_What to work on_
No pictures, please. Output the lines from the start of the data through the line that contains "- With Accessories", both included, exactly as they stand.

Start of Data section

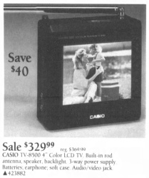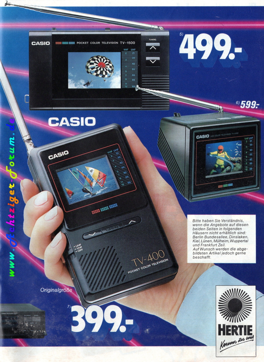 Leider bemühen sowohl die englischsprachige, als auch die deutschsprachige Werbung für den CASIO TV-1500 aus dem Jahr 1987 einmal mehr eines der (in diesem Zusammenhang) unsinnigsten Motive: Den Fußball. Ob irgendein Mensch aus der Marketingabteilung von CASIO jemals versucht hat, ein Fußballspiel auf einem passiven LC-Display zu verfolgen? Pro Spieler fünf träge Pixel - da hilft auch kein Aspirin mehr. Die sonstigen technischen Daten sind allerdings gehobener Standard in dieser Kategorie: 68 mm Bildschirmdiagonale, A/V-Eingang (3,5 mm) und Akku-Ladeeinrichtung.
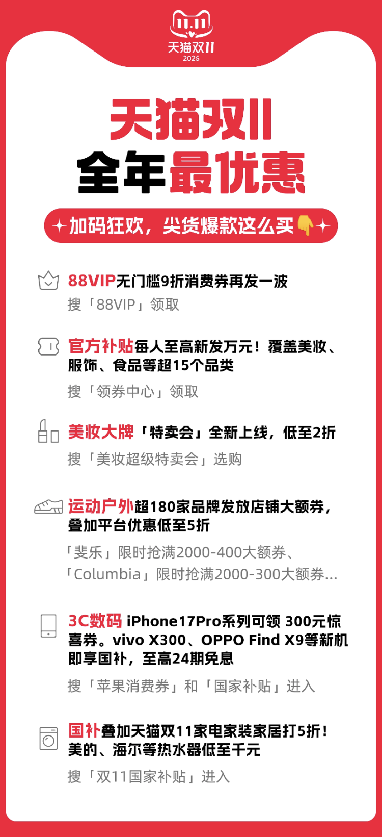 今天24点,新发权益应领尽领,全年最优惠的天猫“双11”现货开卖至11月14日24点。
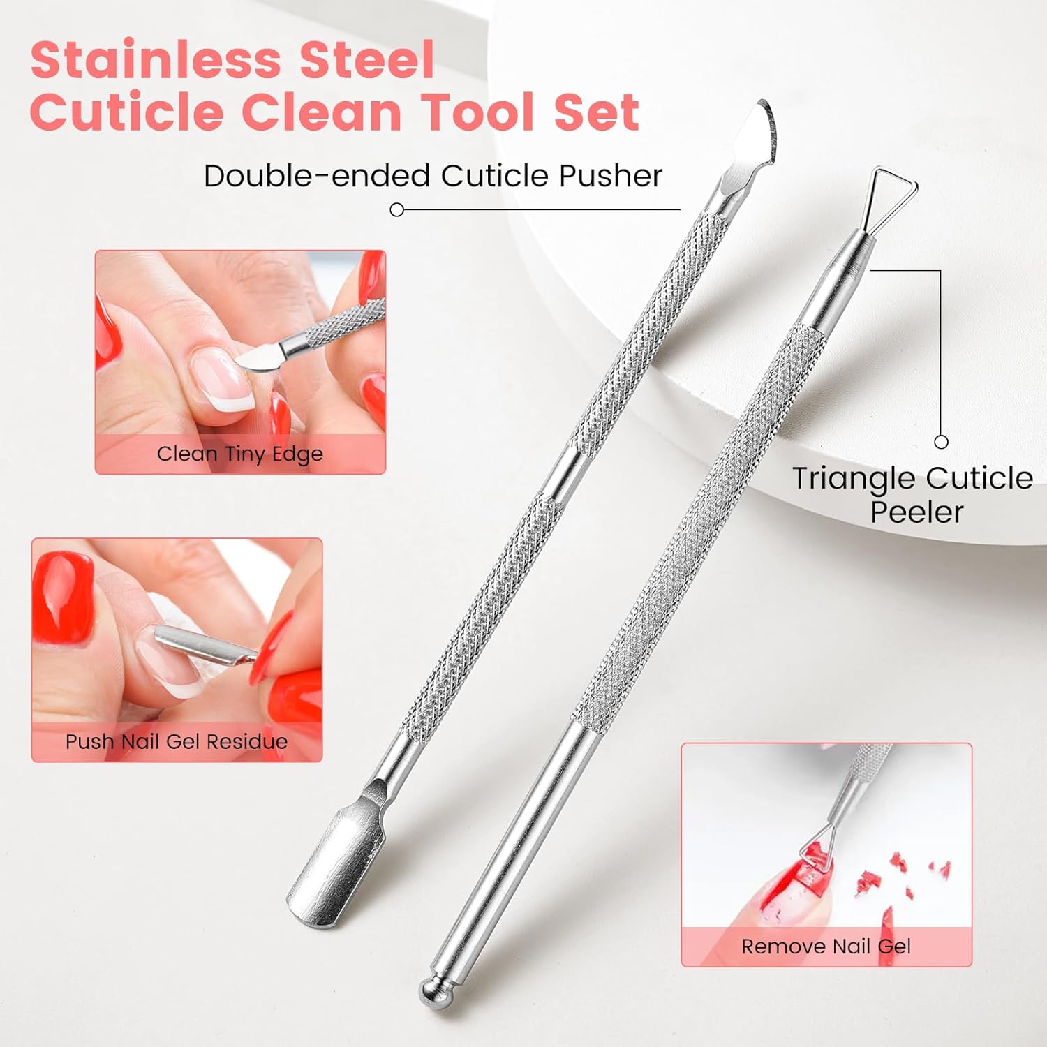 - With Accessories for Complete Nail Care: Enhance your nail care routine with our manicure soaking bowl, which comes complete with a cuticle pusher, cuticle peeler, nail file and buffer. These nail remover tools are crafted to assist in the removal of dead skin and the smoothing of nails, providing a comprehensive solution for all your nail care needs.
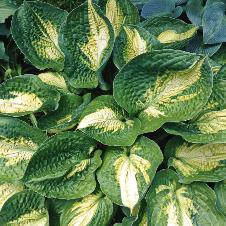 Эффектный солист, акцентирующий на себе внимание. Листья сердцевидной или округлой формы, плотные, кожистые, очень текстурные, вафельно-жатые. По цвету желтовато-салатовые, с широкой сине-зеленой каймой. Цветки белые, колокольчатые. Разрастается полусферой, шириной до 60 см. Высаживают одиночно или группами в композициях.

End of Data section

_Result below_
 Leider bemühen sowohl die englischsprachige, als auch die deutschsprachige Werbung für den CASIO TV-1500 aus dem Jahr 1987 einmal mehr eines der (in diesem Zusammenhang) unsinnigsten Motive: Den Fußball. Ob irgendein Mensch aus der Marketingabteilung von CASIO jemals versucht hat, ein Fußballspiel auf einem passiven LC-Display zu verfolgen? Pro Spieler fünf träge Pixel - da hilft auch kein Aspirin mehr. Die sonstigen technischen Daten sind allerdings gehobener Standard in dieser Kategorie: 68 mm Bildschirmdiagonale, A/V-Eingang (3,5 mm) und Akku-Ladeeinrichtung.
 今天24点,新发权益应领尽领,全年最优惠的天猫“双11”现货开卖至11月14日24点。
 - With Accessories for Complete Nail Care: Enhance your nail care routine with our manicure soaking bowl, which comes complete with a cuticle pusher, cuticle peeler, nail file and buffer. These nail remover tools are crafted to assist in the removal of dead skin and the smoothing of nails, providing a comprehensive solution for all your nail care needs.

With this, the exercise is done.